━━━ MATERIAL PROVIDED

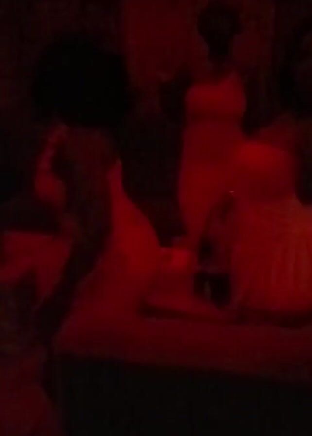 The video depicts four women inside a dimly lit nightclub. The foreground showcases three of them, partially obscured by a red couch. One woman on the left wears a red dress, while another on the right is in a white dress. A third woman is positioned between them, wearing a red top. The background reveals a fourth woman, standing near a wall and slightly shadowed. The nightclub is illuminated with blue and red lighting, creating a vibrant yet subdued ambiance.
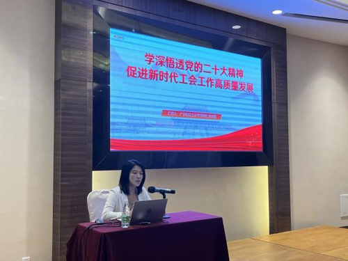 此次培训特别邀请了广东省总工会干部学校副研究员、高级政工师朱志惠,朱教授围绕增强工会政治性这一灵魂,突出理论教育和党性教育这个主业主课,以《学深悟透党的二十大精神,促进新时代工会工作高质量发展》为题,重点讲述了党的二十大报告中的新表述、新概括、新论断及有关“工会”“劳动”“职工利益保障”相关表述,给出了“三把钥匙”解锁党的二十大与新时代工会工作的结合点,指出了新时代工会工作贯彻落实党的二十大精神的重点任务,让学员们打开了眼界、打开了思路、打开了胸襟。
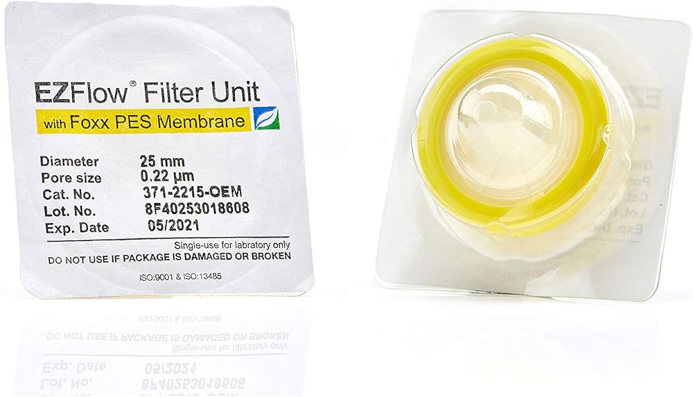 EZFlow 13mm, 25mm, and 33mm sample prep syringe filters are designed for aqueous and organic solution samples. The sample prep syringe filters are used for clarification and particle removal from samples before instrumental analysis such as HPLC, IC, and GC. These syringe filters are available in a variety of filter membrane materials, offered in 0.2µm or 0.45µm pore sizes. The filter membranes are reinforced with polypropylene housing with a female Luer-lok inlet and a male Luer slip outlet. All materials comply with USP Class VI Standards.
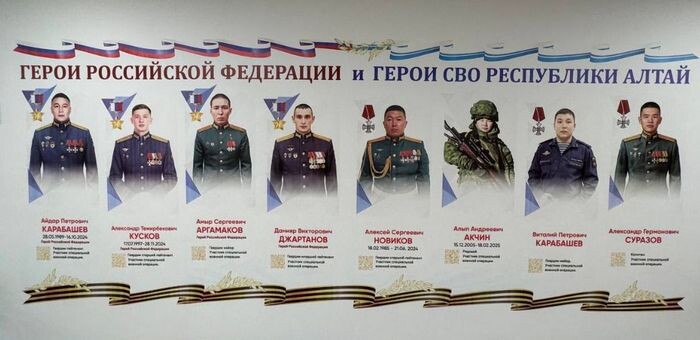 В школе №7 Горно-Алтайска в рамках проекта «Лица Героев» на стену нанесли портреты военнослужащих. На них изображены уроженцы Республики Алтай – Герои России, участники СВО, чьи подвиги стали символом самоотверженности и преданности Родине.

━━━━━━

**PROBLEM STATEMENT**
Quote the lines above exactly, starting with the one that has "此次培训特别邀请了广东省总工" and ending with the one that has "EZFlow 13mm, 25mm, and"; drop the pictures and include nothing else.

**OUTPUT FOR THIS TASK**
 此次培训特别邀请了广东省总工会干部学校副研究员、高级政工师朱志惠,朱教授围绕增强工会政治性这一灵魂,突出理论教育和党性教育这个主业主课,以《学深悟透党的二十大精神,促进新时代工会工作高质量发展》为题,重点讲述了党的二十大报告中的新表述、新概括、新论断及有关“工会”“劳动”“职工利益保障”相关表述,给出了“三把钥匙”解锁党的二十大与新时代工会工作的结合点,指出了新时代工会工作贯彻落实党的二十大精神的重点任务,让学员们打开了眼界、打开了思路、打开了胸襟。
 EZFlow 13mm, 25mm, and 33mm sample prep syringe filters are designed for aqueous and organic solution samples. The sample prep syringe filters are used for clarification and particle removal from samples before instrumental analysis such as HPLC, IC, and GC. These syringe filters are available in a variety of filter membrane materials, offered in 0.2µm or 0.45µm pore sizes. The filter membranes are reinforced with polypropylene housing with a female Luer-lok inlet and a male Luer slip outlet. All materials comply with USP Class VI Standards.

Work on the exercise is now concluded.